W lesie stale coś szuściło, coś chrobotało, coś popiskiwało i powarkiwało, co i rusz zapalały się tez w mroku blade latarenki ślepiów. Najprawdopodobniej były to kuny lub borsuki, ale Reynevan dla pewności wrzucił do ogniska ostatki zebranego na wąwolnickim cmentarzu tojadu, dorzucił zerwany przed wieczorem rozchodnik, mrucząc przy tym pod nosem zaklęcia. Tego, czy były to dobre zaklęcia ani tego, czy dobrze je zapamiętał, nie był jednak całkiem pewien.

Szarlej przyglądał się ciekawie.

– Mów dalej – rzekł. – Opowiadaj, Reinmarze.

O wszystkich swych kłopotach Reynevan opowiedział już Szarlejowi podczas „spowiedzi” u karmelitów, tamże w ogólnych zarysach wyłożył był swe plany i zamiary. Podówczas demeryt nie komentował. Tym bardziej niespodziana była jego reakcja teraz, gdy zaczęła być mowa o szczegółach.

– Nie chciałbym – rzekł, grzebiąc patykiem w ogniu – by sam miły początek naszej znajomości skaziły niedomówienia i nieszczerości. Szczerze a bez ogródek powiem ci tedy, Reinmarze, że twój plan wart jest tego jedynie, by wsadzić go psu w dupę.

– Co?

– Psu w dupę – powtórzył Szarlej, modulując głos jak kaznodzieja. – Do tego nadaje się twój przedstawiony mi przed chwilą plan. Będąc młodzieńcem roztropnym i wykształconym, nie możesz sam tego nie widzieć. Nie możesz też liczyć na to, że ja w czymś takim wezmę udział.

– Ja i kanonik Otto Beess wyciągnęliśmy cię spod klucza – Reynevan, choć gotował się ze złości, zapanował nad głosem. – Nie z miłości, bynajmniej, lecz po to i tylko po to, byś wziął udział. Będąc roztropnym demerytem nie mogłeś tego nie wiedzieć, tam, w klasztorze. A jednak dopiero teraz komunikujesz mi, że udziału nie weźmiesz. Więc i ja powiem szczerze a bez ogródek: wracaj do więzienia u karmelitów.

– Ja wciąż jestem w więzieniu u karmelitów. Przynajmniej oficjalnie. Ale ty chyba tego nie pojmujesz.

– Pojmuję – Reynevan przypomniał sobie naraz rozmowę z karmelickim szafarzem od śledzi. – Doskonale pojmuję też, że zależy ci na odpokutowaniu, bo po pokucie nullum crimen, wracasz do łask i przywilejów. Ale rozumiem i to, że kanonik Otto ma cię w ręku. Wystarczy mu bowiem ogłosić, żeś zbiegł od karmelitów, a będziesz wywołańcem do końca życia. Nie będzie powrotu do twojego zakonu i ciepłego klasztorku. Nawiasem mówiąc, jaki to zakon i jaki klasztorek? Można wiedzieć?
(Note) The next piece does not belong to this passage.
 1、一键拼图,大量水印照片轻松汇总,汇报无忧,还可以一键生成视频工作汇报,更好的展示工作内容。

– Nie można. W istocie, drogi Reinmarze, pojąłeś rzecz właściwie. Faktycznie, od demerytów wypuszczono mnie niejako nieoficjalnie, pokuta wciąż mi biegnie. A i to prawda, że dzięki kanonikowi Beessowi biegnie mi ona na wolności, za co kanonikowi chwała, albowiem ja kocham wolność. Dlaczegóżby jednak miał świątobliwy kanonik odbierać mi to, co dał? Wszakże czynię to, do czego mnie zobowiązał.
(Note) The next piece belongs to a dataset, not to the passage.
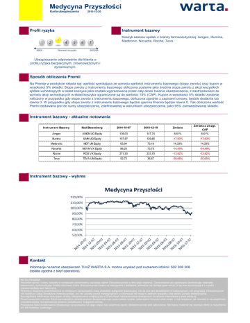 Medycyna Przyszłości Karta ubezpieczenia 2016-12-20 Profil ryzyka Instrument bazowy Koszyk sześciu spółek z branży farmaceutycznej: Amgen, Illumina, Medtronic, Novartis, Roche, Teva. Ubezpieczenie odpowiednie dla klienta o profilu ryzyka bezpiecznym, zrównoważonym i dynamicznym. Sposób obliczania Premii Na Premię w produkcie składa się: wartość wynikająca ze wzrostu wartości instrumentu bazowego (stopy zwrotu) oraz kupon w wysokości 5% składki. Stopa zwrotu z instrumentu bazowego obliczona zostanie jako średnia stopa zwrotu z akcji wszystkich spółek wchodzących w skład koszyka jaka została wypracowana przez cały okres trwania ubezpieczenia, z zastrzeżeniem że wzrosty akcji wchodzących w skład koszyka ograniczone są do wartości 15% (CAP). Kupon w wysokości 5% składki zostanie naliczony w przypadku gdy stopa zwrotu z instrumentu bazowego, obliczona zgodnie z zapisami umowy, będzie dodatnia lub równa 0. W przypadku gdy stopa zwrotu z instrumentu bazowego będzie ujemna Premia będzie równa 0. Tak obliczona wartość Premii dodawana jest do sumy ubezpieczenia, zdefiniowanej w warunkach ubezpieczenia, jako 95% zainwestowanej składki. Instrument bazowy - aktualne notowania Instrument Bazow y Kod Bloomberg 2014-10-07 2016-12-19 Zmiana Zmiana z uw zgl. CAP Amgen AMGN UQ Equity 136,03 147,74 8,61% 8,61% -17,93% Illumina ILMN UQ Equity 157,97 129,65 -17,93% Medtronic MDT UN Equity 63,94 73,10 14,33% 14,33% Novartis NOVN VX Equity 86,25 73,75 -14,49% -14,49% Roche ROG VX Equity 271,50 233,70 -13,92% -13,92% Teva TEVA UN Equity 52,73 36,57 -30,65% -30,65% Instrument bazowy - wykres Kontakt Informacje na temat ubezpieczeń TUnŻ WARTA S.A. można uzyskać pod numerem infolinii: 502 308 308 (opłata zgodna z taryf operatora). NOTA PRAWNA Wszelkie opinie i oceny zawarte w niniejszym opracowaniu wyrażają opinie Ubezpieczyciela w dniu jego wydania. Opracowanie prz ygotowano dochowując należytej staranności, wykorzystując źródła informacji, które Ubezpieczyciel uważa za wiarygodne i dokładne, jednakże nie istnieje gwar ancja, iż są one wyczerpujące i w pełni odzwierciedlają stan faktyczny. Wykresy i diagramy przedstawione w niniejszym opracowaniu mają charakter wyłącznie ilustracyjny, nie są one ani doradztwem in westycyjnym, ani prognozą. Ubezpieczyciel nie świadczy usług doradztwa inwestycyjnego, ani nie udziela porad inwestycyjnych a informacje nie mają w żadnym wypadku char akteru porady inwestycyjnej. Szczegółowe informacje dotyczące umowy ubezpieczenia znajdują się w Warunkach Ubezpieczenia dostępnych na stronie internetowe j www.warta.pl. Przed zawarciem umowy Klient samodzielnie określa poziom akceptowalnego przez siebie ryzyka, potencjalne korzyści oraz straty z nią związane, jak również w szczególności charakterystykę, konsekwencje prawne, podatkowe i księgowe umowy. Powielanie bądź publikowanie niniejszego opracowania lub jego części bez pisemnej zgody Ubezpieczyciela jest zabronione. Nini ejszy materiał nie stanowi oferty w rozumieniu art. 66 Kodeksu cywilnego.

Reynevan otworzył usta, ale Szarlej natychmiast mu przerwał, i to dość obcesowo.

– Twoja opowieść o miłości i zbrodni, choć porywająca, godna zaiste Chretiena de Troyes, mnie porwać nie zdołała. Nie wmówisz mi, chłopcze, że kanonik Otto Beess polecił ci mnie jako pomocnika w wybawianiu z opresji uciśnionych niewiast i wspólnika w rodowej zemście. Ja kanonika znam. To człek mądry. Skierował cię do mnie, bym cię ocalił. A nie po to, byśmy obaj położyli głowy pod topór. Spełnię tedy, czego oczekuje ode mnie kanonik. Ocalę cię przed pościgiem. I wywiozę bezpiecznie na Węgry.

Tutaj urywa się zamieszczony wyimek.